Organic matter quantity and quality, metals availability and foraminiferal assemblages as environmental proxy applied to the Bizerte Lagoon (Tunisia).

This study analyzes the benthic trophic state of Bizerte Lagoon (Tunisia) based on the total organic matter and the bioavailability of biopolymeric carbon including proteins (PTN), carbohydrates (CHO), lipids (LIP), chlorophyll a, as well as bacteria counts. The overall simultaneously extracted metals (SEM), and acid volatile sulfides (AVS) as well as the SEM/AVS ratio indicative of the toxicity of the sediments also were analyzed aiming to study their impact in the dimension, composition and structure of both dead and living benthic foraminiferal assemblages. In the studied sites TOC content is relatively high and the PTN/CHO values indicate that they can be considered as meso-eutrophic environments. The CHO/TOC and C/N values suggest that the OM which accumulated on the sediments surface has mainly natural origin despite the introduction of municipal and industrial effluents in the lagoon and the large bacterial pool. The living assemblages of benthic foraminifera of Bizerte Lagoon are quite different to other Mediterranean transitional systems studied until now. They are composed of typical lagoonal species but also include several marine and opportunistic species including significant numbers of bolivinids, buliminids, Nonionella/Nonionoides spp. and Cassidulina/Globocassidulina spp. These assemblages seem to benefitfrom the physicochemical parameters and the sediment stability. They may however face environmental stress in the lagoon related to the AVS production as a result of the organic matter degradation and toxicity in some areas due to the available concentrations of metals. Nonetheless statistical results evidence that the structure and dimension of assemblages are being controlled mostly by OM quantity and quality related mainly to the availability of PTN, CHO and chlorophyll a. Results of this work support the importance of considering OM quantity and quality in studies of environmental impact in coastal systems.

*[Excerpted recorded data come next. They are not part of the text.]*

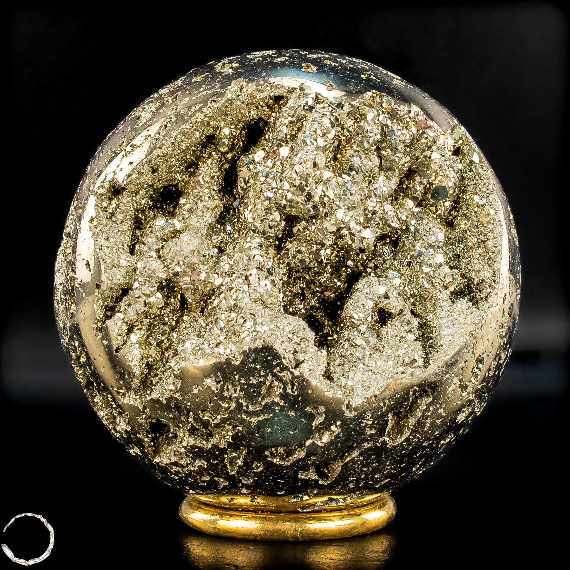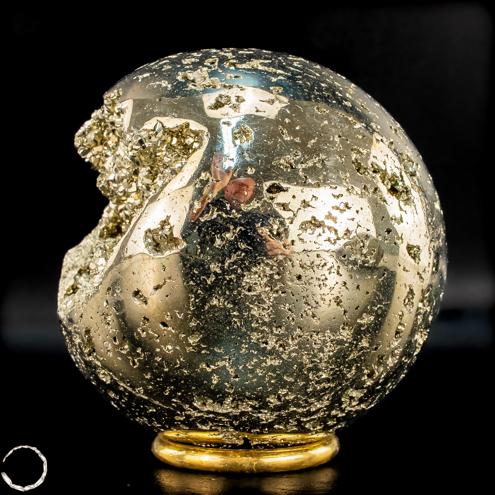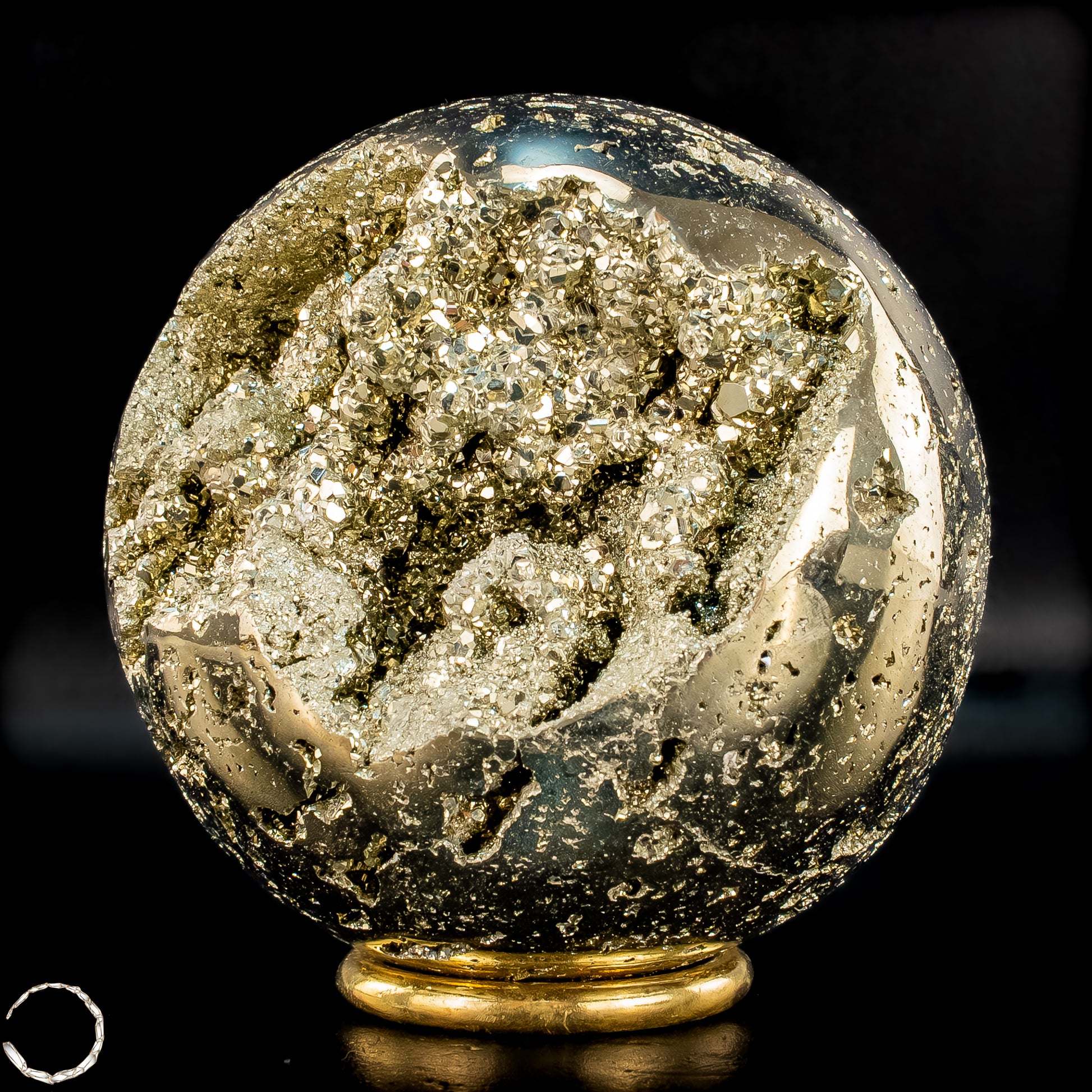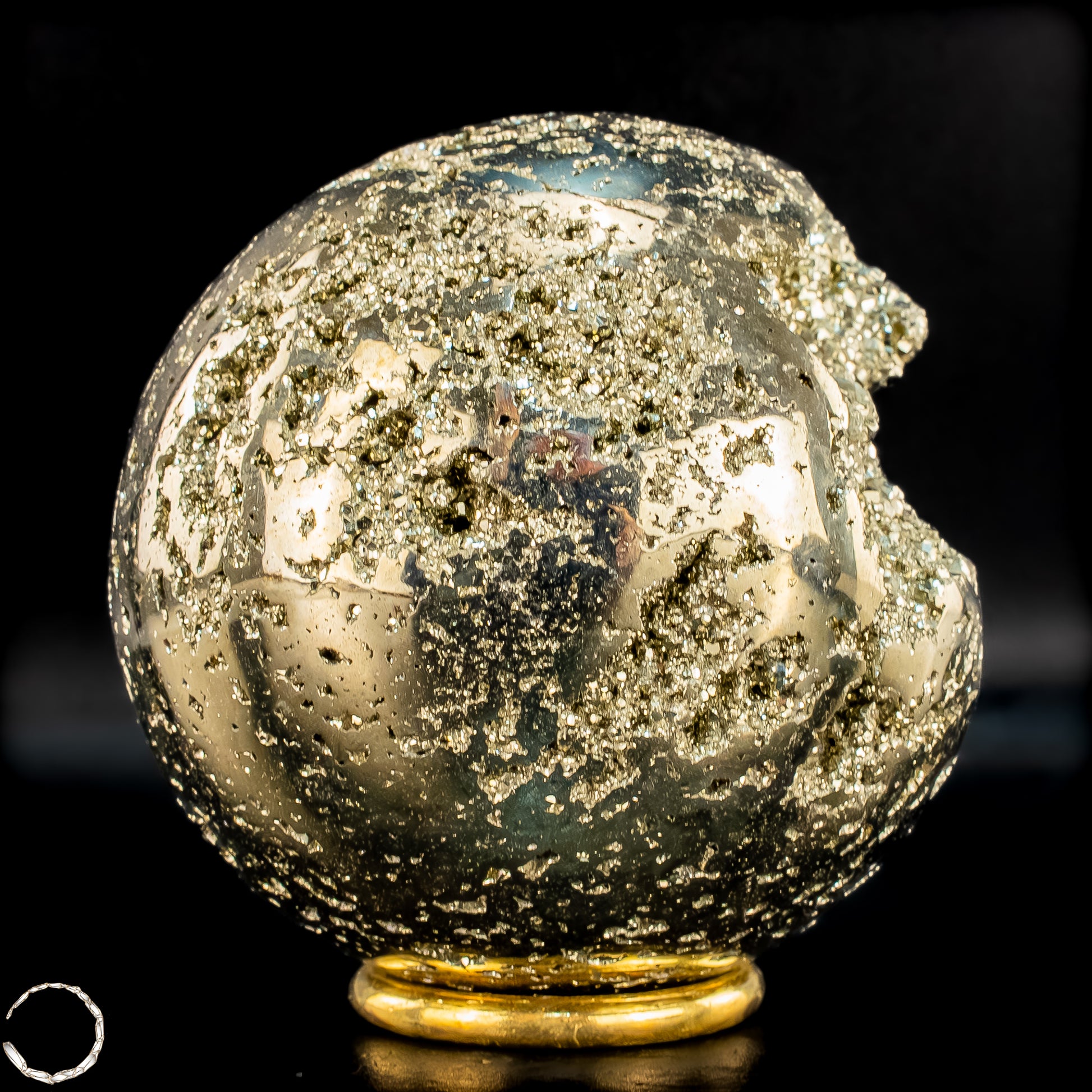 Wunderschönes Exemplar aus kubischem Pyrit, das so bearbeitet wurde, dass es eine Kugelform erhält, dem durch das Vorhandensein von Hohlräumen auf der Oberfläche ein zusätzlicher Wert zugeschrieben wird, der es Ihnen ermöglicht, Teile der gebildeten Geode zu bewundern.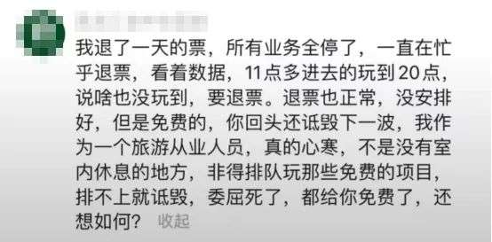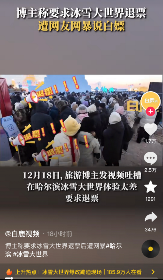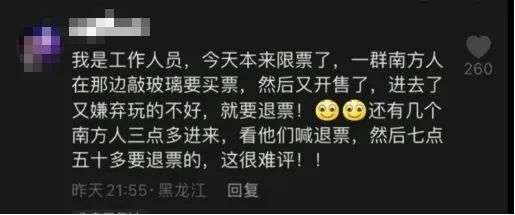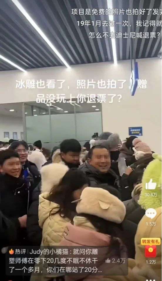 而他要玩的这个项目,叫“大滑梯”,这个项目是网络上的热门项目。但正因为想要玩的人太多,导致排队时间漫长,许多游客从中午一直排到下午,依然轮不到体验。冰冷的天气里,人群中有些人感到失望和不耐烦,失控地大喊:退票!而景区的反应速度也很及时。当天下午,就立刻出台公示:要优化,细化游园安排。而更令人敬佩的是,景区给他们真诚道歉,还给很大一部分游客退票了。至此,事情算是告一段落了。哈尔滨这边已经做得很到位,算是仁至义尽了。然而游客这边,很大一部分的游客,主打一个自私自利到底!他们的嘴脸到底有多恶心呢?“拍完照了,朋友圈发了,滑梯也玩了,工作人员陪着到12点,最后我要他们给我把全款退了。”???这一声“感谢东北老铁”,说完以后你的良心不会痛吗?“早点去拍照,多玩项目,然后全款退票,主打白嫖,感谢东北老铁,明年再来退票。”?????特么的,今年免费玩了项目,明年还想来白嫖?甚至有人拿到钱了得意洋洋,还在网上发攻略,教别人怎么退票。就……怎么说呢,你这不但是要薅羊毛,还打算把羊给宰了。有人退完票了还赖着不走,继续把该玩的项目玩了个遍。更有一些无耻的人,别有用心想要黑哈尔滨,就在网上征集“哈尔滨失望之旅”的文案,要人拍点破旧的街道,借此搞臭哈尔滨的名声。有工作人员透露,本来限票了,结果一群人又在敲玻璃要买票,结果开售了之后嫌弃不好,直接要退票。这就相当于,你上饭店,人家本来不营业了,你非敲玻璃要人家开门,最后吃饱喝足后打着饱嗝,说这菜不好吃,要求退钱。还有的工作人员说,冰雪大世界里又不是没有休息的地方,但他们就是不去,非得要挤到大滑梯这里排队。大滑梯是免费项目,用脚趾头想都知道人多,结果呢?他们玩不上就大肆诋毁,嚷嚷着要退票。人家早就说了,哈尔滨冰雪世界的预约人数高达4万,提醒你们要做好相关的准备,来之前不做攻略的吗?出来旅游没有一点心理预期?去迪士尼,在酷暑中排队5小时屁都不敢吱一声,遇到对方搜包入园这种操作二话不说,乖乖上交。对外资企业无限包容,到了我们国家自己搞的非遗冰雕项目就严苛得不行,恨不得要砸了人家的饭碗。这是典型的窝里横!这一次退票风波,除了很少一部分人的确是在寒风中等得不耐烦,怒而退票之外,还有更大一部分人,是跟着起哄的白嫖党!他们面带笑容,大喊着退票,喊到最后,人群中甚至发出一阵阵哄笑。也许,他们根本没有排队,没有挨冻,只是看到有利可图,就赶紧来起哄,顺便捞一波。景区的名声被他们搞臭了有什么关系?他们玩完拍拍屁股走人。有网友说,作为一个东北人,真的很失望。这就像自己在家忙乎了一大桌子菜,准备了一天的时间等着客人来吃。结果客人酒足饭饱之后,因为一道凉菜不合口味,直接把桌子给掀了。如果说薅羊毛退票的人仅仅只是自私自利,那他们接下来的骚操作简直是恶臭了。有人注意到,这次来哈尔滨旅游的游客,有很多人穿着带吊牌的羽绒服出来了。这真是无话可说了。衣服也就罢了,鞋子穿得臭烘烘的,落地都好几天了,竟然还想退?退完票又退羽绒服,合着这一趟旅行就混了张嘴,出了张车票钱?这已经不是薅羊毛了,这叫臭不要脸。这种行为跟泼皮无赖有什么区别?为什么这件事,引发了网上极大的愤怒和反感呢?因为这一次,哈尔滨人是真的受委屈了。为了接住这一波流量,让游客们来了有份好体验,哈尔滨,真的挺拼的。耗资30多亿,打造了这个冰雪世界,每年投入的时间也不过两个月。说实在的,就算游客满员,门票依然不够成本的五分之一。更何况,里面的一些网红项目,如摩天轮,大滑梯,都是免费的。厚道的东北老乡们,根本不是想赚别人的钱,而是希望有人来了,能吃好玩好,尽兴而归。你们说景区太冷,为了让游客保暖,今年还特意建了暖房;你们说人多,设施不够,今年大滑梯一下子增加了14条;你们说票价贵,可是这真的贵吗?有网友说,自己9年前来这儿的时候,门票就是300元,今年团购的票价是323元。9年的时间,涨了20几块钱,还要别人怎么样?已经三年没开张的冰雪大世界,真的挺不容易的。因为设施的特殊性,这些非遗冰雕,都是由上千名工人师傅在零下近30°的严寒中一刀刀切下来的。他们从松花江上采集冰块之后,拖到园区一刀一刀雕刻,倾尽全力,才造出了25万立方米的冰雪奇观。有一位施工人员哽咽着说:从开工到竣工我都在里面,为了赶工期,迎接游客的到来,工人们连一口热饭都吃不上。我真的很不理解,当初卖票的时候也说得很明白,免费的项目玩不上是不退票的,可是你们为什么还要这么做呢?他们手都冻僵了,身体在极度的严寒下浑身僵硬,他们也不过是我们父辈那样的年纪,但他们硬是在风雪中生生硬扛。有个医生网友说:我们科收了一个冰雪大世界的工人,肺炎感染休克没了。那些只想着去哈尔滨旅游薅羊毛的人,绝对不会想到,哈尔滨人为了招待他们,付出了什么,承担着什么。网上曾流传过这么一句话:没去东北之前,以为东北人都是黑社会。去了东北之后,才知道东北人都是活雷锋。前半句多少带了点偏见,但后半句却让人不能不认同。东北人的热心,厚道,朴实,真的是毋庸置疑。而哈尔滨这座城市的身上,更是具有浓浓的东北气质。它实在,不矫情,有忙大家一起帮,有苦自己扛。不分男女老少,不麻烦市政环卫,他们唠着嗑,就把街道扫得干干净净。这次甘肃地震,深陷舆论风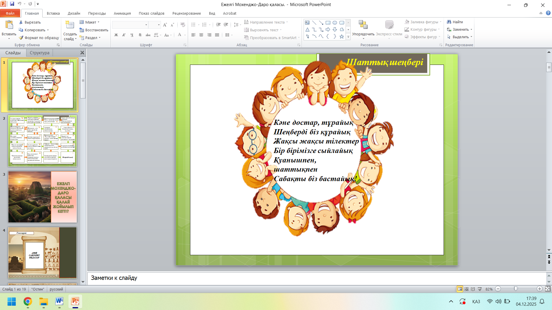 -Мохенджо-Даро сөзін бірінші рет естіп тұрсыз ба? -Бұл сөз саған қандай әсер қалдырды? Мысалы, ол бір тағамның, адамның есіміне немесе басқа бір нәрсеге ұқсай ма? -Бұл сөздің дыбысталуы саған қандай тілге немесе қандай елге жататын сияқты көрінеді? Бұл сабақта сіздер: -Үндістанның ежелгі өркениеттерінің ерекшелігін зерттейсіздер; -тарихи деректердің мазмұнын түсіндіресіздер; -Мохенджо-Даро қаласының жойылып кету себептерін анықтайсыздар. Кіріспе. Жаңа тақырыпты презентация және Gemini платформасы арқылы жасалған бейнероликпен тақырыпты түсіндіремін. Глоссарий: АРИЙ САНСКРИТ ВЕДАЛАР Азияның оңтүстігінде Үндістан түбегі орналасқан. Бұл жерде екі ірі өзен: Үнді және Ганг ағып өтеді. Б.з.д. III мыңжылдықтың ортасында Үнді өзенінің аңғарында ерек- ше Үнді өркениеті қалыптасты. ЕҢБЕКҚОРЛЫҚ ЖӘНЕ КӘСІБИ БІЛІКТІЛІК Еңбекті, өзінің және басқалардың еңбек нәтижелерін бағалау Мохенджо-Даро қаласының дамуы сол кезеңдегі адамдардың еңбексүйгіштігі мен жоғары кәсіби шеберлігінің арқасында жүзеге асқан. Олар үйлерді күйдірілген кірпіштен салып, дамыған су жүйесін ойлап тауып, қолөнері мен саудасын дамытты. Бұл – еңбектің нәтижесі мен шеберліктің адамзат өркениетінде маңызды рөл атқаратынын дәлелдейді. 1-тапсырма Оқушыларға топтық жұмыс беру. Тарихшылар – Мәтінмен жұмыс. Оқулықта берілген (78-бет) мәтінді өзара топ ішінде оқу, талқылау, сұрақтарға жауап беру. Үйлер әдетте қанша қабаттан тұрды? -Әрбір үйдің ерекшелігін айт -Алтын қайдан келді? -Жазудың табылуы туралы не айтасың? Археологтар – Картамен жұмыс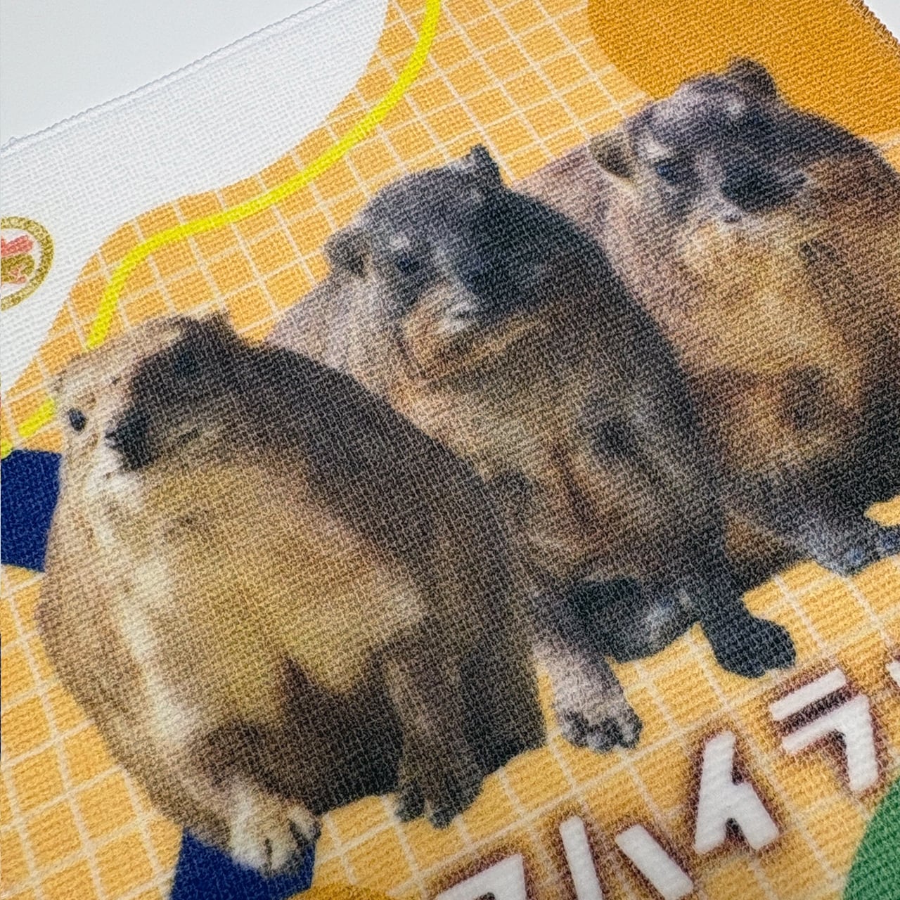 ユニークな魅力たっぷりのケープハイラックス(おやき・どんどん・しおり)をデザインしたミニタオル。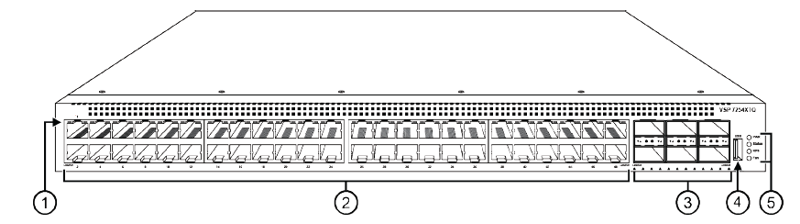 48 ports — The VSP 7254XSQ has 48 SFP/SFP+ fiber ports. The VSP 7254XTQ has 48 RJ-45 copper ports.

Environmental Quality Assessment of Bizerte Lagoon (Tunisia) Using Living Foraminifera Assemblages and a Multiproxy Approach.

This study investigated the environmental quality of the Bizerte Lagoon (Tunisia) through an integrated approach that combined environmental, biogeochemical, and living benthic foraminiferal analyses. Specifically, we analyzed the physicochemical parameters of the water and sediment. The textural, mineralogical, and geochemical characteristics of the sediment, including total organic carbon, total nitrogen, simultaneously extracted metals (SEM), acid volatile sulfides (AVS), chlorophyll a, CaCO3, and changes in bacterial populations and carbon isotopes were measured. The SEM/AVS values indicated the presence of relatively high concentrations of toxic metals in only some areas. Foraminiferal assemblages were dominated by species such as A. parkinsoniana (20-91%), Bolivina striatula (<40%), Hopkinsina atlantica (<17%), and Bolivina ordinaria (<15%) that cannot be considered typical of impacted coastal lagoons both in Mediterranean and northeast Atlantic regions. The results of this work suggest that Bizerte Lagoon is a unique setting. This lagoon is populated by typical marine species that invaded this ecosystem, attracted not only by the prevailing favorable environmental conditions but also by the abundance and quality of food. The results indicate that the metal pollution found in some areas have a negative impact on the assemblages of foraminifera. At present, however, this negative impact is not highly alarming.